How do you track and confirm this issue is corrected?

To ensure that gains are not tracked when a Fix is incorrectly applied, WindESCo continues to review all issues on a continuous basis. Any issue that is re-identified will then have its gains appropriately adjusted to reflect that the issue was not properly addressed.  With further data ingestion we will see if the misalignment was indeed properly fixed. This is how you will be able to see that you correctly resolved the static yaw misalignment issue:
  • WindESCo can track the yaw misalignment correction over time
  • Typically a confirmation of correction is observable within 4-6 weeks and a full EIA can be completed once 3 months have passed

Common Questions:

  • Load impact of yaw misalignment correction:
    • The IEC turbine design standard, load on turbines is typically modeled with ⅓ of the total lifetime at respectively -10°, 0° and +10° (some manufacturers use 8°) static yaw misalignment
    • This is not a transient analysis, but a sustained 1/3 lifetime at 10, 1/3 at -10 and 1/3 at 0 degrees
    • Therefore a change of less than ten degrees is not a risk to any component if the turbine has been designed per the IEC standards
  • Comparison to Lidar:
    • There are a few technical concerns we have with using ground-based lidar for determining static yaw misalignment, which we believe will result in misleading and incorrect yaw error estimates. Our technical team has previously explored the viability of ground-based systems for yaw misalignment detection and the uncertainties in the results motivated our team to pursue the data-driven approach we currently employ.
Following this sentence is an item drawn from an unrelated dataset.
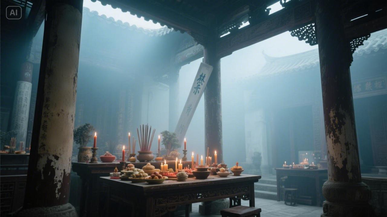中式夢核,祠堂供桌,低角度廣角透視,青灰色調(diào)晨霧彌漫,文字“禁”用斑駁毛筆字斜貼梁柱,暗光柔焦渲染

Some of the technical issues related to using ground-based lidar for yaw misalignment include:
    • Foremost, lidar leveling and calibration relative to true north (i.e. north-based alignment) are difficult. Any error in this calibration will enhance statistical uncertainty in the yaw error estimates. 
    • It is difficult to temporally align the two systems (lidar and turbine) relative to one another. Even after initial temporal alignment, time measurements in one system can drift relative to the other leading to temporal inconsistencies between the two datasets. 
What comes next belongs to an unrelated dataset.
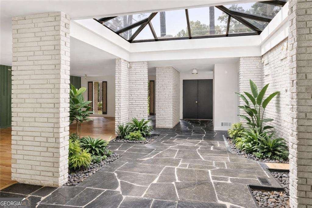 A Rare Mid-Century Modern Masterpiece - Step into living art at 1791 Breckenridge Drive, where architecture and nature move in perfect rhythm. Originally crafted in 1964, this residence bears the unmistakable imprint of Robert Green, the last apprentice of Frank Lloyd Wright and Atlanta's own visionary of mid-century modern design. True to Green's organic philosophy, the home breathes with its surroundings through natural stone, horizontal lines, and walls of glass. At its heart lies a dramatic central atrium, a Green signature, where a soaring glass ceiling pours light into the interiors, casting shifting geometric shadows that change with the day. Framed by natural stone and brick, this striking centerpiece dissolves the boundaries between indoors and out, echoing Wright's enduring influence. While its bones remain authentically mid-century, the home has been reimagined by acclaimed designer Wesley Williams, whose renovations honor Green's intent while layering in modern luxury. Williams' work elevates each space with thoughtful finishes, striking the perfect balance of preservation and reinvention, making the home as livable as it is collectible. Please note: The roof has been replaced within the last 3 years. With three bedrooms, two baths, and more than 2,200 square feet on a lush .60-acre lot, the residence offers serenity just minutes from the city. The living room is anchored by a brick fireplace and accented with Green's signature perforated panels, ornamental details that serve as both window coverings and sculptural design elements. True to its mid-century roots, the home offers two versatile dining and living areas, originally envisioned as a formal dining room and cozy breakfast nook, now reimagined as flexible spaces for entertaining, casual meals, or an inviting conversation area. From these flexible living areas, sliding glass walls open onto the expansive patio, an iconic mid-century gesture that blurs the line between indoor living and the natural landscape and highlighting a private, tree-framed backyard. The primary suite features abundant closet space and a sleek, renovated bathroom with double vanities and a step-down shower, while two additional bedrooms and a hall bath provide privacy and comfort. Nestled in the North Druid Hills Lakeside community, residents enjoy the prestige of the Lakeside school district, leafy established streets, and a neighborhood steeped in mid-century heritage. Opportunities to own a true piece of Atlanta's architectural story, with direct lineage to Frank Lloyd Wright's legacy, are few and far between. Whether you're a design devotee, a history collector, or simply someone searching for a home that feels like art, 1791 Breckenridge delivers an experience unlike any other.

    • Depending on the ground-based lidar and the scanning strategies employed, it will take an extended amount of time to extract a single wind profile estimate. Based on this measurement time interval, the wind profile extracted will be a spatiotemporal average of the wind conditions over that interval. Therefore, a direct comparison between the derived wind profile and operational turbine data is not optimal. The measurement time will also impact the number of samples that can be collected in a given time period (this is not true for a data-driven approach). Given the same time period, a data-driven approach will provide a significantly higher number of comparison points for evaluating static yaw misalignment. 
    • The ground-based lidar will need to be situated some distance away from the turbine so it remains outside the induction zone of the turbine; in the induction zone wind conditions can be modified by both the physical and operational presence of the turbine. Because of this there will inherently be a temporal lag between the time of measurement and when the measured wind conditions interact with the turbine. Furthermore, any spatial variability in the wind conditions will need to be assumed insignificant. Finally, there will be a limited number of valid wind direction sectors that can be used for evaluating static yaw misalignment due to potential waking. 
    • With a ground-based system, assumptions will need to be made as to how to correlate the rotor-relative wind direction conditions (i.e. wind veer across the vertical depth of the wind turbine rotor sweep) with the nacelle orientation of the turbine to determine yaw error.